Of course Gira would reference Bacon, call him by name even: Articulating with screams, something Bacon specialized in while painting, has been paramount to Gira's aesthetic for a quarter century now. On We Are Him-- his sixth and arguably most engaging album as Angels of Light-- he lands some of the best of those complete releases. Gira seems more empowered and commanding than he has in a decade, the emotions he's conveying coming in huge fits that, like Bacon's, are as powerful as they are draining. He's backed by one of the most impressive guest lists of the year (Akron/Family providing the basic tracks, plus new friends or longtime collaborators Larkin Grimm, David Garland, and Bill Rieflin), but one must understand that this is Gira's album. He lets it all out and wastes little time: Four seconds into the colossal opening track, "Black River Song", for instance, a thick electric bass knock pumps against every heavy drum hit and compacted guitar sinew: "Black river runs/ beneath this ground/ Black river flows forever/ But he makes no sound." The chorus-- some variation of the series, "Fading, growing, breathing, flowing," sung by Gira and female voices-- is sinister, challenging and almost sexy.

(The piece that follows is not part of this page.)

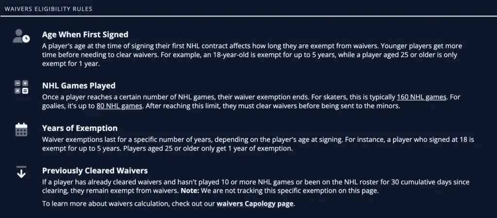 But before we dig into them in order of importance, a quick reminder about the NHL’s waiver exemption rules, thanks to PuckPedia.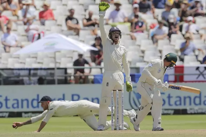 England's wicketkeeper Jos Buttler appeals the wicket of South Africa's Quinton De Kock while Ben Stokes fields the ball during day five of the second cricket test between South Africa and England at the Newlands Cricket Stadium in Cape Town, South Africa, Tuesday Jan. 7, 2020. (AP PhotoHalden Krog)

A track later, a rocking-chair rhythm moans beneath Gira's snarl. He's rarely sounded this foreboding: Prodded by a scathing, raw violin drone and a daring chorus of sirens, it's an escalating dirge for the collapse of society, full of floods, blood and mouths too stupid to scream. Beneath an electric guitar twitter, heavy drums and furious strings on "My Brother's Man", Gira hands down these imprecations: "I walk through the thick black mud. I walk with my brother's blood. I see with my brother's eye. I scream at my brother's sky." Swans, anyone?
But this record isn't so simple. "My Brother's Man" notes that the brother is capable of murder and so is Gira. But it embraces the relationship, vowing to crush god "in my fucking hand" for the sake of fraternal legacy. It's protective, triumphant. The subsequent "This Is Not Here"-- a dark duet with Gira's wife, Siobhan Duffy-- offers the lovers choices and endings: Will the world steal the sun, or will the lovers touch the light? "Will you dream that we breathe?" It's not about anger or fatalism. In 1984, Gira screamed about burning and eating hearts on "Raping a Slave"; in 1995, he sang about supplication to God while witnessing the fragility of the world during "Our Love Lies". We Are Him is a near-perfect, totally committed summation hammering at the same unresolved archetypes from someone who's now a father.
That's not to say that this album is without its share of misses, or at least the occasional artistic anomie that has, by now, become a requisite of Gira's work. Those songs aren't better left unsung: "Goodbye Mary Lou" has a purpose, its rhythm an uneasy country twitter that leaves Gira little room to do much but say exactly what he's feeling. The first verse ends "Mary Lou, I renounce you"; the second, "Mary Lou, fuck you"; and in closing, the indiscretions of young anger that have been boiling for a lifetime come crashing down with a wink: "Oh Mary Lou, I forgive you."
We Are Him is ultimately about getting by, about trying to survive with a family and a faith at a time when "the dogs...howl as the street fills with blood." Gira, at 53, continues to evolve, to challenge himself, to question his beliefs. As long as he does that, every song won't roar like the perfect first two tracks of We Are Him or have the brilliant gospel insistence of the title track. The slight, charming chamber pop he tries won't always work as it does on "Sunflower's Here to Stay", a song that pushes for persistence. Luckily, doing otherwise has never been an option for Gira.